→ **What the task requires**
Your task is to restate word for word the lines in the material below, from the one with "根据上图中的相变图构造具有不" up to and including the one with "ओबराय हायर सेकेंडरी". Do not carry over the pictures.

____ Input

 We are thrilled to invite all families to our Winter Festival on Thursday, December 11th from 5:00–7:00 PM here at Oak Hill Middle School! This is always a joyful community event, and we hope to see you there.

________
____ Input

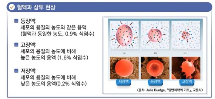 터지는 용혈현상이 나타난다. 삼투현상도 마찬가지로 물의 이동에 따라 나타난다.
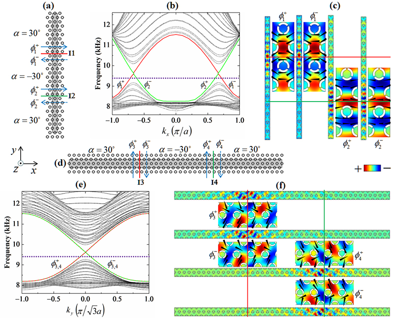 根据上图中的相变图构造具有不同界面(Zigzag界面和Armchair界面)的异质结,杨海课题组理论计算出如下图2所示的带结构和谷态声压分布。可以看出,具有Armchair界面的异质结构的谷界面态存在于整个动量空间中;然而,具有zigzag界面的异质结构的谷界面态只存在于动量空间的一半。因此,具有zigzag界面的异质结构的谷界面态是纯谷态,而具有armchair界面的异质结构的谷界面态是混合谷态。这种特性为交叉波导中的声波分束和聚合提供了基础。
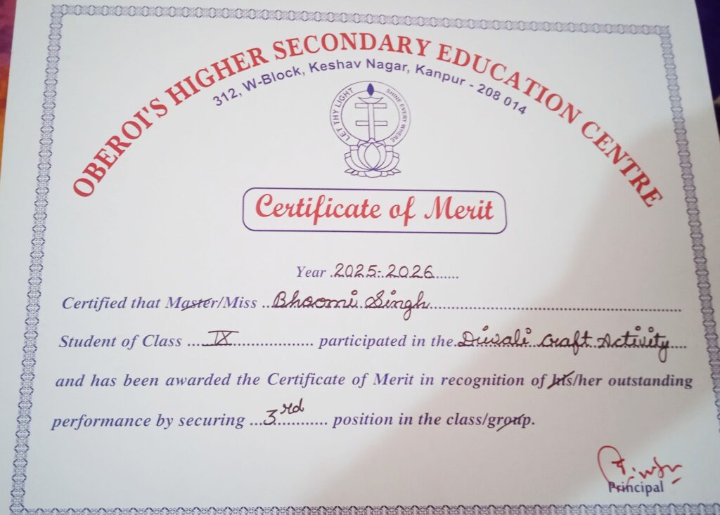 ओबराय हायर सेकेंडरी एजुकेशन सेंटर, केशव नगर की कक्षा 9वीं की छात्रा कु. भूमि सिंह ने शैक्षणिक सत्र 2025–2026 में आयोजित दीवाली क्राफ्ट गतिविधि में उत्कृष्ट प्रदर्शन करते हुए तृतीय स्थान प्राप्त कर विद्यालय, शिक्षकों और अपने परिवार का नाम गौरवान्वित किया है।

________

→ **Answer to this task**
 根据上图中的相变图构造具有不同界面(Zigzag界面和Armchair界面)的异质结,杨海课题组理论计算出如下图2所示的带结构和谷态声压分布。可以看出,具有Armchair界面的异质结构的谷界面态存在于整个动量空间中;然而,具有zigzag界面的异质结构的谷界面态只存在于动量空间的一半。因此,具有zigzag界面的异质结构的谷界面态是纯谷态,而具有armchair界面的异质结构的谷界面态是混合谷态。这种特性为交叉波导中的声波分束和聚合提供了基础。
 ओबराय हायर सेकेंडरी एजुकेशन सेंटर, केशव नगर की कक्षा 9वीं की छात्रा कु. भूमि सिंह ने शैक्षणिक सत्र 2025–2026 में आयोजित दीवाली क्राफ्ट गतिविधि में उत्कृष्ट प्रदर्शन करते हुए तृतीय स्थान प्राप्त कर विद्यालय, शिक्षकों और अपने परिवार का नाम गौरवान्वित किया है।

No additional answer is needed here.